2. The Feeder Node (node_type: feeder)

• The Ingestion Engine: This node is responsible for finding, downloading, unpacking, and organizing media. It does the heavy lifting of pirating content.
• What it runs: The entire *Arr ecosystem (Sonarr, Radarr, Prowlarr, etc.), download clients (qBittorrent, SABnzbd, Cross-Seed), and ecosystem managers (Autoscan).
• Storage Access: Needs massive, high-speed read/write access to the Ceph /data and /media mounts to dump newly acquired files.
• Hardware Tier: Medium/High (8 Cores, 16GB+ RAM, fast local NVMe cache).

3. The Media Node (node_type: share or appbox)

• The Delivery Edge: This is what your users connect to. You can horizontally scale these infinitely (e.g., user01-appbox, public-share-03).
• What it runs: Media servers (Plex, Emby, Jellyfin), VPN tunnels (Gluetun), and edge-based Autoscan targets.
• Storage Access: Strictly Read-Only access to the Ceph /media mount. This insulates your core library from users accidentally deleting files via an Emby client bug. It gets read/write access to its own isolated application folder on the array.
• Hardware Tier: High (8+ Cores, QuickSync/GPU for transcoding, 10Gbps networking).

---

Step-by-Step Cluster Deployment

When building a fresh BB cluster from scratch, you must provision the nodes in a specific mathematical order so the identity matrix bootstraps cleanly.

Step 1: Pre-Flight Credentials

Because BB is designed for zero-touch deployments, you must define your cluster's identities and API keys in a .env file before executing the installer. The installer will automatically detect it and inject these into the cluster.

1. Log in as root on your first node and install nano (fresh Hetzner servers don't have it):

   apt-get update && apt-get install -y nano    # Debian/Ubuntu
   # or: pacman -Sy nano                        # Arch

2. Download the environment template:

   curl -sO https://raw.githubusercontent.com/LunarVigilante/bb_ansible/main/.env.sample
   mv .env.sample .env

3. Open the file:

   nano .env

4. Fill in the required variables. (Do NOT use quotes around your values in the .env file.)
   • BB_NODE_TYPE=service (Required: Set this to service for the first node)
   • BB_ADMIN_PASSWORD=your_secure_password (Required: The master password you want for your cluster dashboard)
   • BB_CF_EMAIL=you@example.com (Required: Cloudflare email for SSL certs)
   • BB_CF_API_TOKEN=your_token (Required: Cloudflare API Token for Traefik DNS-01 validation.
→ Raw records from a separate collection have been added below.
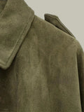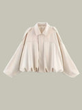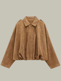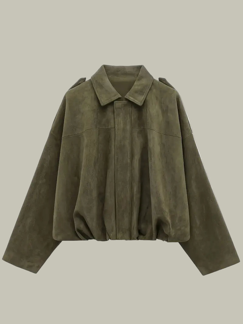 A modern layer with retro ease, this short jacket brings soft, faux-suede texture and a relaxed, oversized drape. The clean spread collar and concealed front keep the silhouette minimal, while the gathered hem creates a flattering blouson shape that works over tees, knits and dresses. Effortless to style for coffee runs, city strolls and laid-back evenings.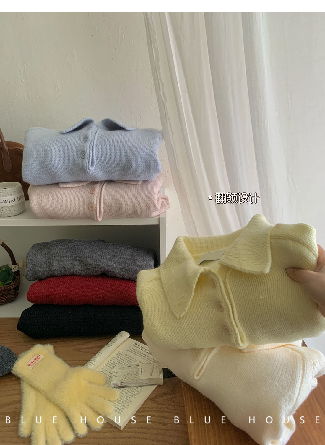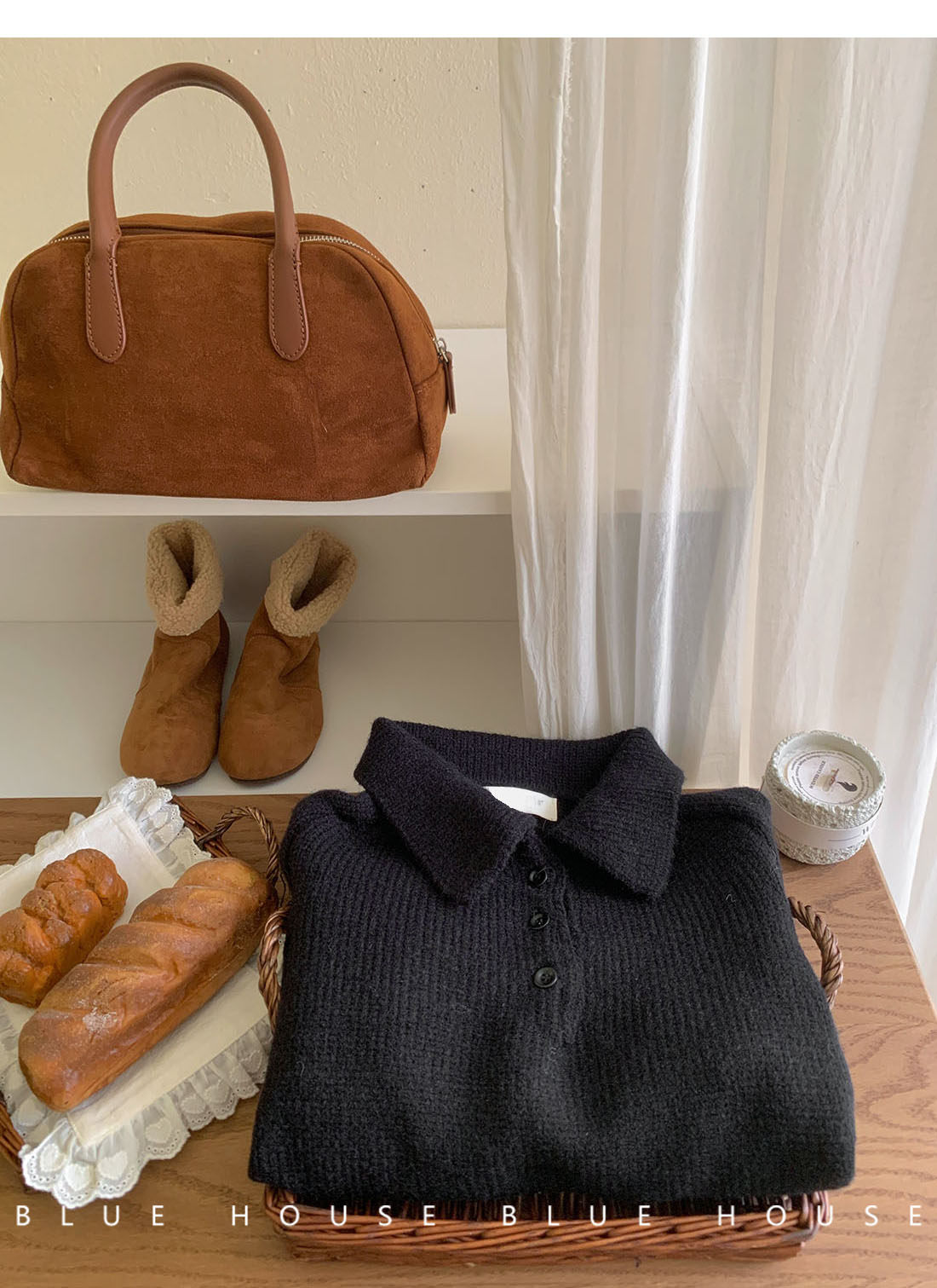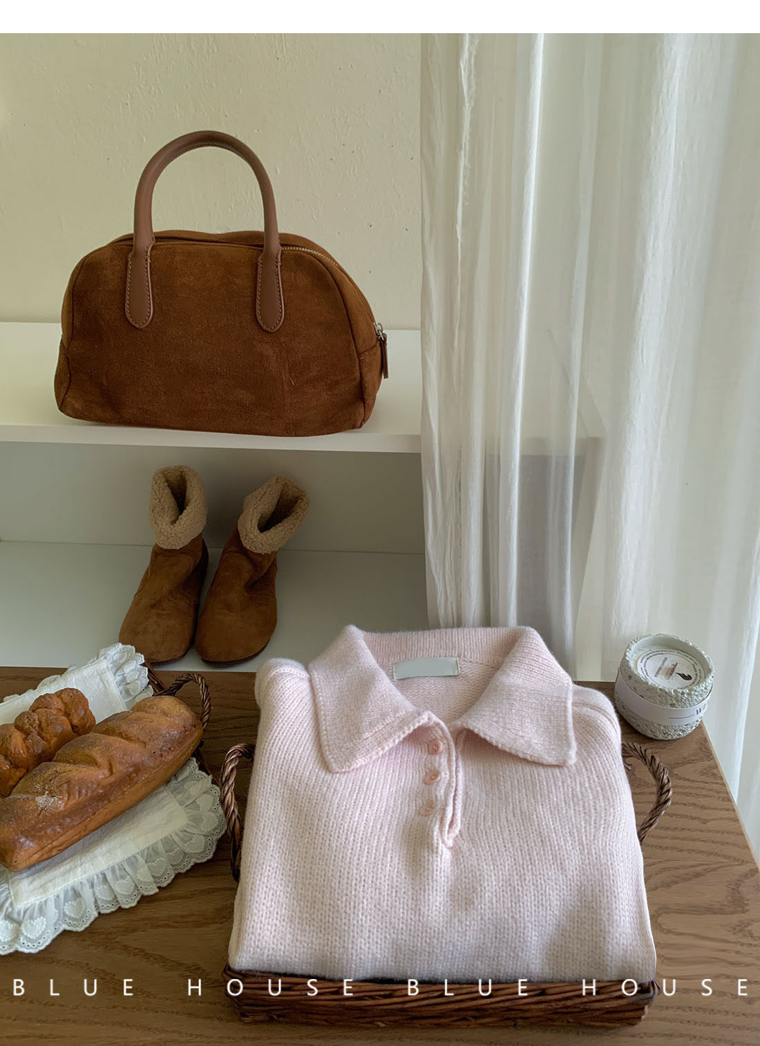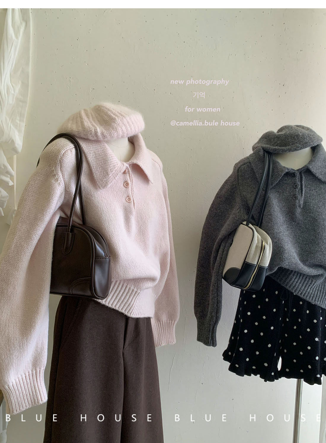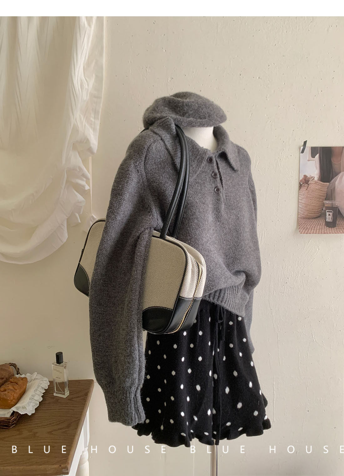 溫柔奶油系顯白polo翻領文藝復古套頭毛衣女秋冬軟糯外穿減齡上衣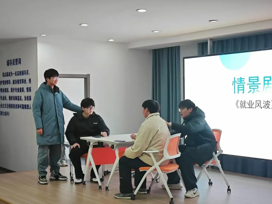 班会开始前,同学们带来一场别开生面的就业小情景剧,生动演绎求职路上的诱惑与抉择,瞬间拉近距离,点燃全场氛围。随后,辅导员李双洁以专业剖析与暖心引导,带大家直面就业形势,探寻职业方向,为未来“加速”。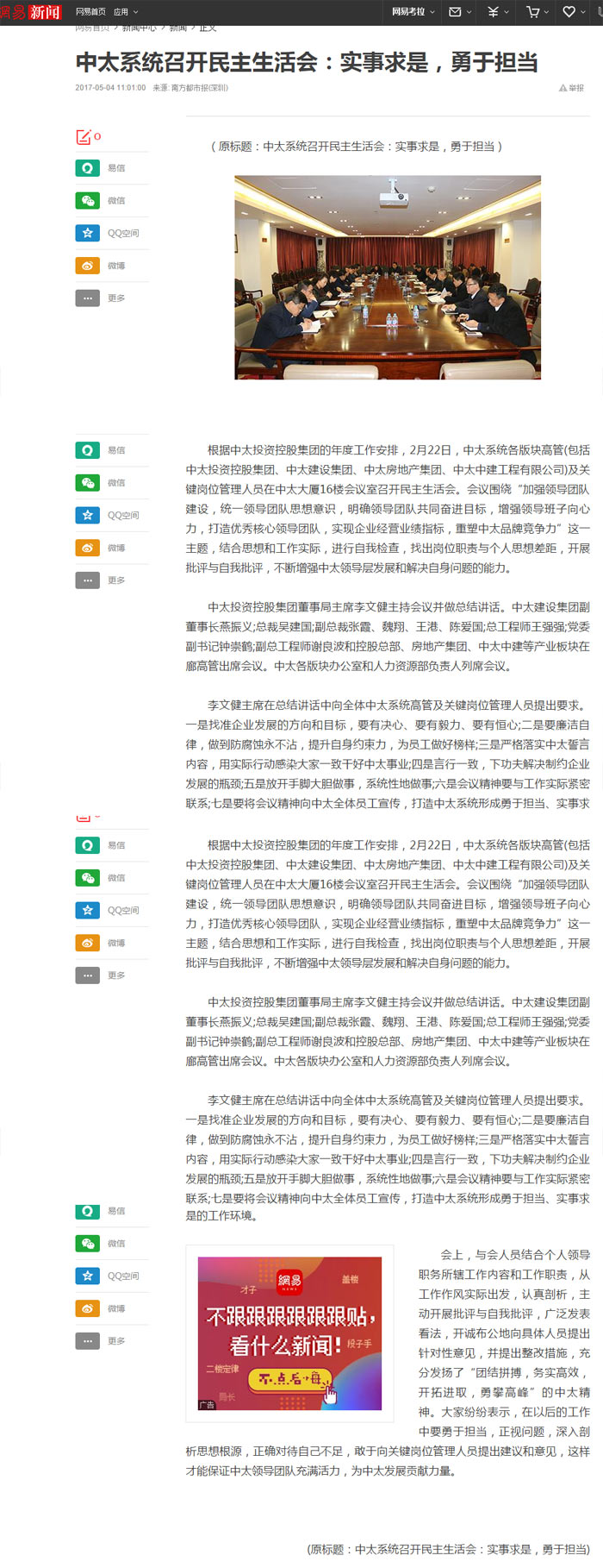 網(wǎng)易新聞報道了“中太系統(tǒng)召開民主生活會:實(shí)事求是,勇于擔(dān)當(dāng)”

Create this in the Cloudflare Dashboard under My Profile -> API Tokens -> Custom Token -> Permissions: Zone / DNS / Edit)
   • BB_CEPH_DASHBOARD_URL=https://ceph:8443 (Required: The URL of your centralized Ceph dashboard)
   • BB_CEPH_DASHBOARD_USER=admin (Required: Ceph admin username)
   • BB_CEPH_DASHBOARD_PASSWORD=ceph_pass (Required: Ceph admin password)
   • (Fill in any other optional API keys you have, such as Discord webhooks or Media APIs. See accounts.yml.default for explanations).
5. Save and exit (Ctrl+O, Enter, Ctrl+X). (Note: Keep this .env file handy. You will securely copy it to the other nodes before you bootstrap them.)
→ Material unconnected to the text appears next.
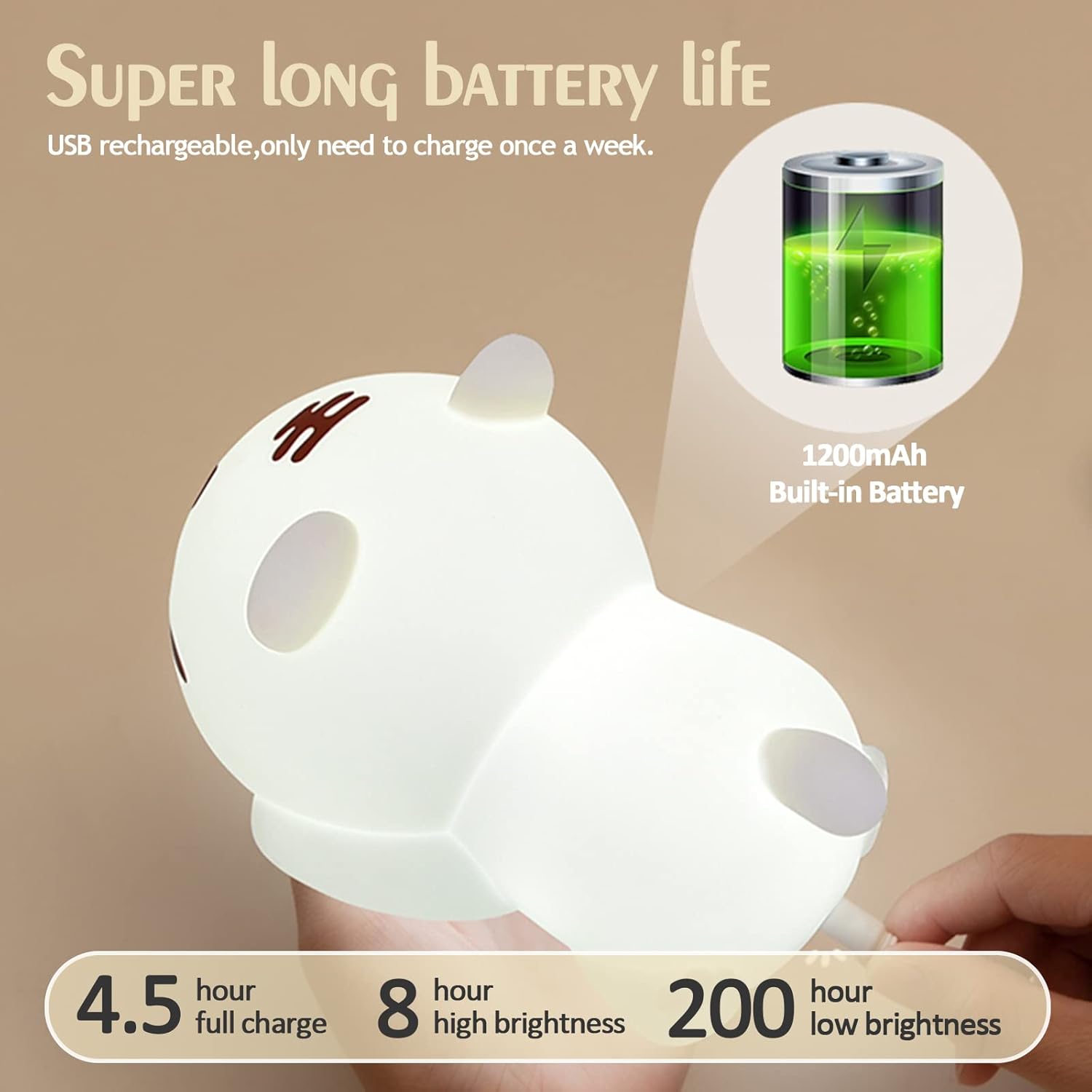 - ๐ 1200mAh Rechargeable Battery: 100 hours with sleeping light, long battery life, small size and big energy, just needs to be charged with an adapter (5V-1A) or usb device for 4.5 hours but can work for continuous lighting over 8 hours in high brightness or 200 hours in low brightness. no problem to open all night, sleep peacefully with power saving.

Step 2: Provision the Service Node

You must establish the identity core (Authentik) first, as all other nodes will eventually route their subdomains to it.

1. Install a fresh OS (Debian/Arch) on your Service hardware.
2. Ensure your properly configured .env file is present in your current directory.
3. Run the bootstrap installer as root:

   # Must be run as root (fresh Hetzner servers don't have sudo)
   curl -sL https://raw.githubusercontent.com/LunarVigilante/bb_ansible/main/install.sh | bash

4. Execute the deployment:

   cd /srv/git/blackbeard
   bb install node

5. Log into your new Authentik dashboard (e.g. https://sso.yourdomain.com) using the auto-generated Postgres and JWT passwords outputted by the log (or defined in your .env), and establish your core user identity.

Step 3: Provision the Feeder Node

Now that SSO is online, spin up the download engine.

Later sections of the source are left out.